Seseorang yang memiliki orang tua dan juga saudara kandung dengan ADHD memiliki risiko lebih besar mengidap ADHD. Penelitian ini yang menjadi landasan mengapa genetika dapat dianggap sebagai faktor penyebab ADHD.
2. Fungsi dan Struktur Otak
Menurut para pakar, pengidap ADHD lebih mungkin memiliki ketidakseimbangan dalam tingkat neurotransmitter di otak.
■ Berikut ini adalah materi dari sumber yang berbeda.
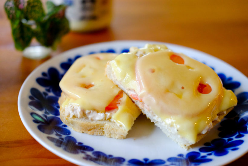 [ad#ad-top] アメリカの定番、「ツナ・メルト」。 本当はパンにはさんで出されることが多いけど わが家のツナ・メルトは、乗せて焼くタイプ、オープンフェイススタイルです。(^^)
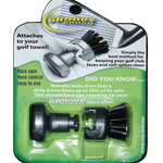 The Green Jacket Groovy Brush separates and rejoins to clip onto your golf towel.

Neurotransmitter sendiri merupakan senyawa kimia di dalam tubuh yang berfungsi untuk mendistribusikan sinyal dari neuron ke neuron lain dalam berbagai jaringan tubuh. Senyawa ini memegang peranan penting dalam sistem saraf untuk mengontrol setiap aktivitas yang dilakukan.
3. Paparan Zat Berbahaya
Selain cedera pada kepala, paparan timbal yang tinggi juga dapat berkontribusi terhadap pengembangan ADHD.
Anak akan lebih besar berisiko mengidap ADHD jika ibu merokok, minum alkohol, mengonsumsi narkoba, lahir secara prematur, hingga terpapar timbal selama masa kehamilan.
Gejala ADHD
1. Gejala Inatensi
Gejala inatensi atau sulit untuk memfokuskan perhatian adalah gejala umum yang dapat ditunjukkan oleh pengidap ADHD, berikut adalah daftar gejala inatensi:
● Sulit fokus dalam mengatur dan menyelesaikan tugas.
● Mudah mengabaikan detail-detail kecil.
● Sulit mengikuti instruksi dan percakapan.
● Mudah terdistraksi.
● Sering melupakan hal-hal yang harus dilakukan.
2. Gejala Hiperaktif-Impulsif
Berikut adalah daftar gejala hiperaktif-impulsif yang ditunjukkan oleh pengidap ADHD:
● Mudah gelisah dan banyak bicara.
● Sulit untuk tenang atau diam (duduk, saat makan, atau saat mengerjakan tugas tertentu).
● Bersikap impulsif dengan melakukan sesuatu secara spontan tanpa pikir panjang.
● Menyela pembicaraan.
● Sulit menunggu giliran.
Cara Mengatasi ADHD
1. Gejala Inatensi
2. Manajemen Perilaku
3. Menghubungi Profesional
Jika gejala ADHD mulai parah dan tidak ada tanda-tanda ke arah yang positif, jangan ragu untuk menghubungi profesional seperti dokter atau penyedia layanan kesehatan.
Dengan begitu, penanganan ADHD dapat lebih optimal karena adanya intervensi sejak dini, terutama untuk konsumsi obat-obatan yang harus sesuai dengan dosis dan anjuran dari dokter.
ADHD adalah jenis gangguan mental yang tidak boleh disepelekan, menimbang kondisi ini dapat memicu komplikasi serius yang tidak hanya dirasakan sejak kanak-kanak, melainkan juga dapat berdampak hingga dewasa.